Understanding Marketing Strategy Versus Marketing Tactics

 In Marketing Insights, Marketing Plans, Marketing Tools & Tactics, Strategic Marketing

One of the issues that continues to pop-up in marketing discussions with clients is the concept of marketing strategy versus marketing tactics; I thought it would be beneficial to explain the key differences.

Basically, marketing breaks down into three parts:

1. Set Goals: What do you want your marketing to achieve?
2. Determine Strategy: How will you achieve your objectives?
3. Select Tactics: Which marketing tools are the most effective for implementing the strategy and achieving the goals?

Let’s use the analogy of building a house to explain how each relates to another.

Setting Goals: This is simple; you want to build a house, but what kind of house? Will it be a Victorian mansion or a modest ranch? The more detailed your goals, the more likely you are to achieve them.

Strategy: When building a house, you do not start by randomly nailing 2 x 4 boards and building the framework; first, you need a “blueprint” to work from – one  that specifies the style of house: Colonial, Ranch, Victorian; size of the house, bedrooms, baths; materials to be used: brick, wood, stone, et cetera. In marketing, your building blueprint is your marketing plan; this is the document that explains the strategy you will use to achieve your goals.
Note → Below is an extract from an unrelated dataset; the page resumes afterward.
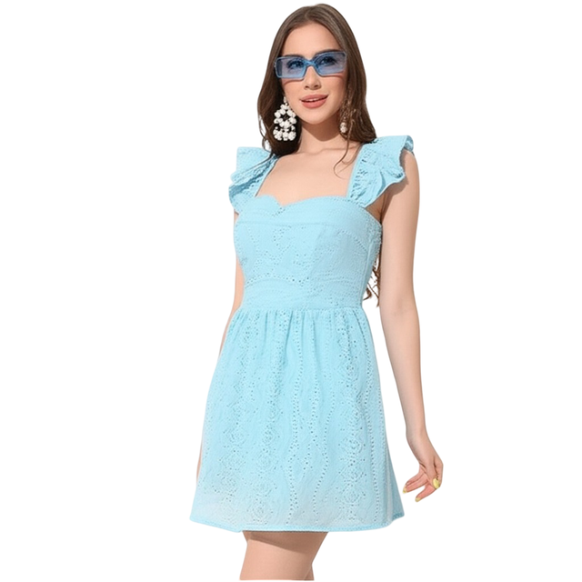 Bedazzle Women’s Baby Blue Eyelet Mini Dress | Square Neck Ruffle Cap Sleeve Broderie Anglaise Summer Fit and Flare Skater Sundress

Select Tactics: In home-building, carpentry, plumbing and electrical work could be thought of as the “tactics” used to achieve the end goal, in this case, a house. In marketing, the tactics you may use are advertising, public relations, digital marketing and social media.

How does this approach work with marketing strategy?
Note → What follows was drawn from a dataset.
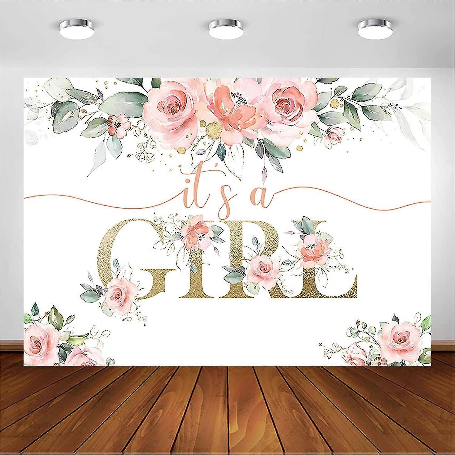 Blush Pink Floral Baby Backdrop for Girls Baby Photography Background It's a Girl Baby

Well you don’t start by saying “I need a brochure,” that is a tactic.

First, establish your goals, e.g., increase gross sales 20% each year and by 10% next quarter.
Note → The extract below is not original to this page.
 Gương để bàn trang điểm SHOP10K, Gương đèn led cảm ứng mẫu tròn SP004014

Next, determine your strategy, such as “I will employ a direct-sales effort; my sales people will make face-to-face presentations to qualified prospects and close 20% of those efforts.” Your marketing plan includes the following critical information to support your strategy:

  • An in-depth demographic description of the customer base
  • The important reasons why customers will choose to purchase from this company
  • The key benefit that makes us unique and differentiate us from our competitors

Finally, we utilize our tactics: “We will use telemarketing and e-mail marketing to set up initial meetings; during these meetings, we will utilize a PowerPoint presentation and provide a competitive analysis brochure as a leave-behind with all prospective clients.